It’s That Time Again!
Saturday night means genealogy fun with Randy Seaver! This week’s challenge on Genea-Musings is the other half of last week’s challenge, where we shared male relatives with great facial hair. This week, it’s the ladies’ turn to show of their in vogue hairstyles.
I have always loved the elegant confidence that this young lady exudes.
Mary A. Vickery
This very fashionable young lady is Mary A. Vickery, daugher of Charles Stiles Vickery and Elizabeth (Lizzie) Tarbox. Lizzie was the sister of my 2X great grandmother, Nellie Tarbox Adams, so Mary was her niece.
I inherited this photo, which was part of the Tarbox family pictures handed down to my care.
The opportunity to visit Boston with her father (I have a matching photo of him taken at the same studio), traveling all the way from Calais, Washington Maine, must have been a very exciting prospect for Mary.
Not only is her hair the very current style for the mid-1880s, her accented high collar and tight fitting dress were also in vogue. I have to wonder if, as part of her trip to Boston, her father allowed her to have her hair professionally done and perhaps bought her a pretty new dress for this formal portrait.
Mary was born in May 1872 in Calais, the eldest of five children born to Charles and Lizzie. However, her family story is quite sad. She married Vernon Margrove Wentworth on New Year’s Day 1895 in Calais.
Mary died on 10 February 1909 and was buried at Calais Cemetery. Vernon, born 5 March 1870, also died very young, passing away on 3 November 1922.
Daughter Nola and son Lester were the only family members left. Their loss must have been heartbreaking, as both left Calais. There are no descendants of this family today.
Vernon and Mary had three children of their own:
1. Nola, born 4 July 1905, Calais, Washington, Maine; died November 1978, Wilton, Hillsboro, New Hampshire. Nola became an accomplished teacher, but never married and has no descendants.
2. Lloyd Vernon, born 24 August 1896, Calais, Washington, Maine; died 1917 and is buried in Calais. He never married and has no descendants. I have not been able to find his cause of death.
3. Lester R., born 30 October 1901, Calais, Washington, Maine; married Eva Ludgate MacLay, 26 January 1926, St. Stephen, New Brunswick, Canada. Lester and Eva were living in Croton-on-Hudson, Cortlandt, Westchester, New York in 1940 and he was working as a chemist at a paper company. Lester and Eva reportedly had no children.
An aside to this photo is that it was taken by a female photographer, Miss Addie M. Gendron, known to have worked in Watertown, New York in the 1870s and in Boston, Massachusetts in the 1880s and 1890s.
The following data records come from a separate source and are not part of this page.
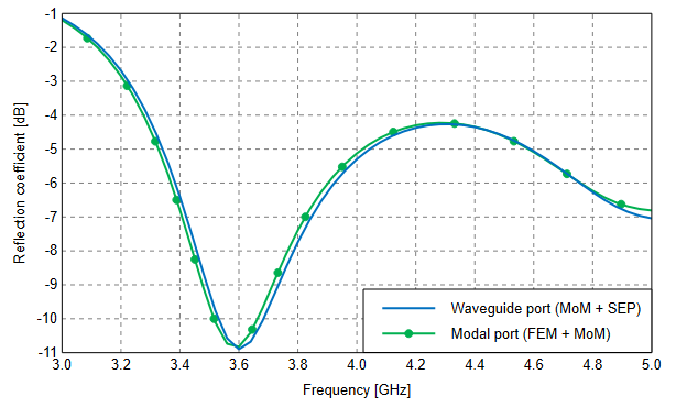 Figure 1. The input reflection coefficient of the DRA for both methods over the operating band.
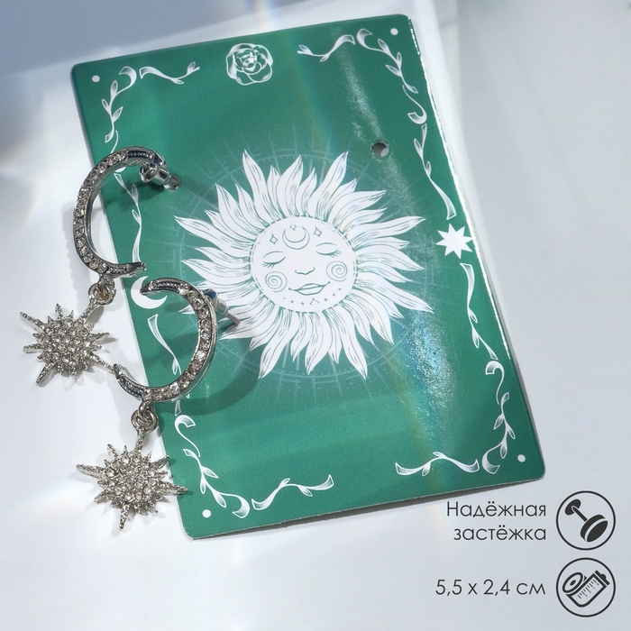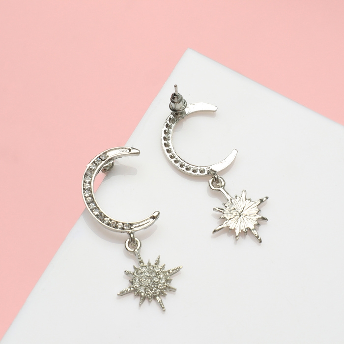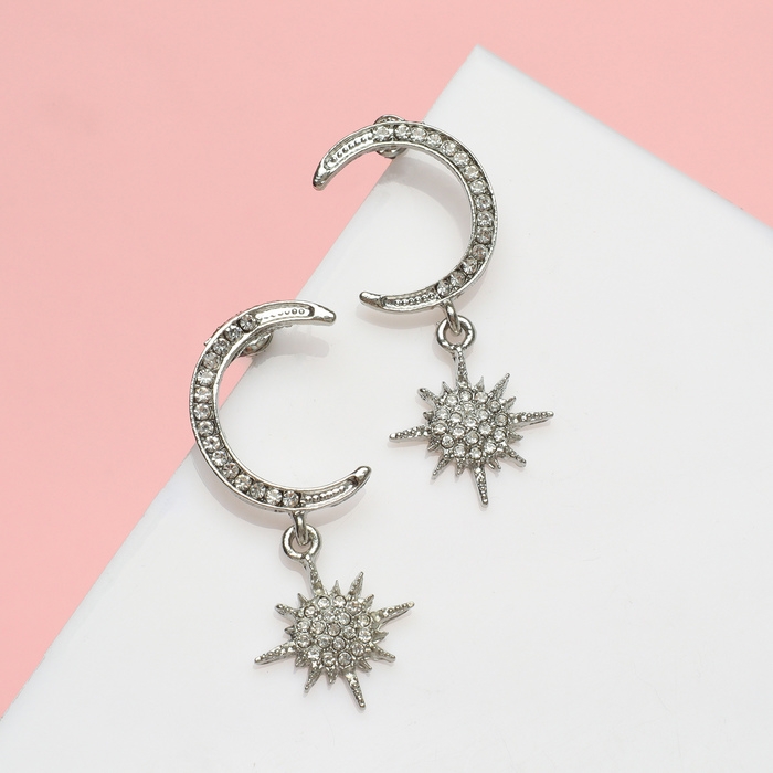Серьги со стразами «Полумесяц и звезда» ослепительные, цвет белый в серебре
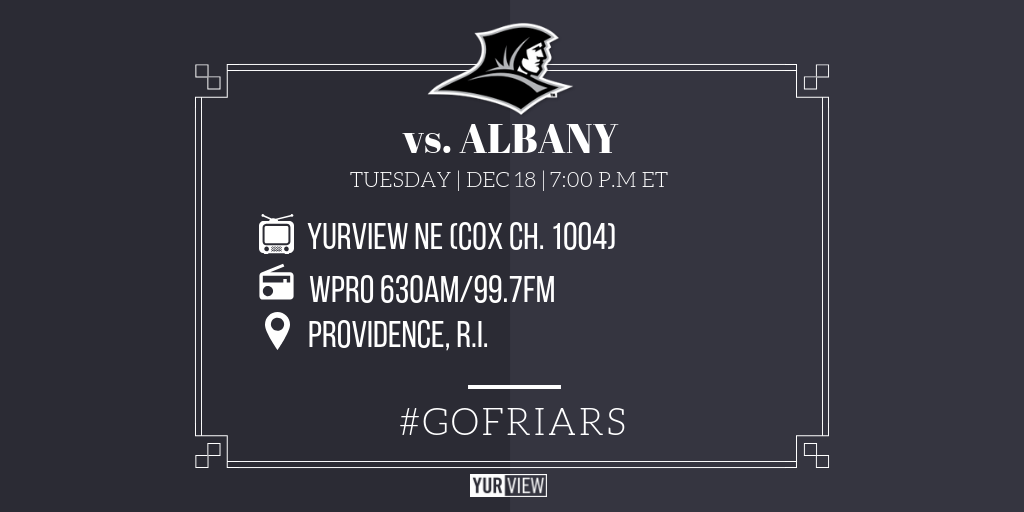 The Friars face off against Albany, Tuesday, December 18th at 7:00pm EST on YurView New England, channels 4 & 1004.

NOTE: Addie M. Gendron was single, born about 1846, possibly in Sorel, Quebec, Canada, where she was living in 1861 with her father Joseph Gendron, her mother Nathalie Ayott and her brother, George. She died on 9 March 1904 of heart failure in Stoneham, Middlesex, Massachusetts and was buried there in Lindenwood Cemetery. Her death certificate gives her age as 49, but I wonder if she wasn’t quite upfront about her age or the informant guessed.
Thanks, Randy, for another fun SNGF.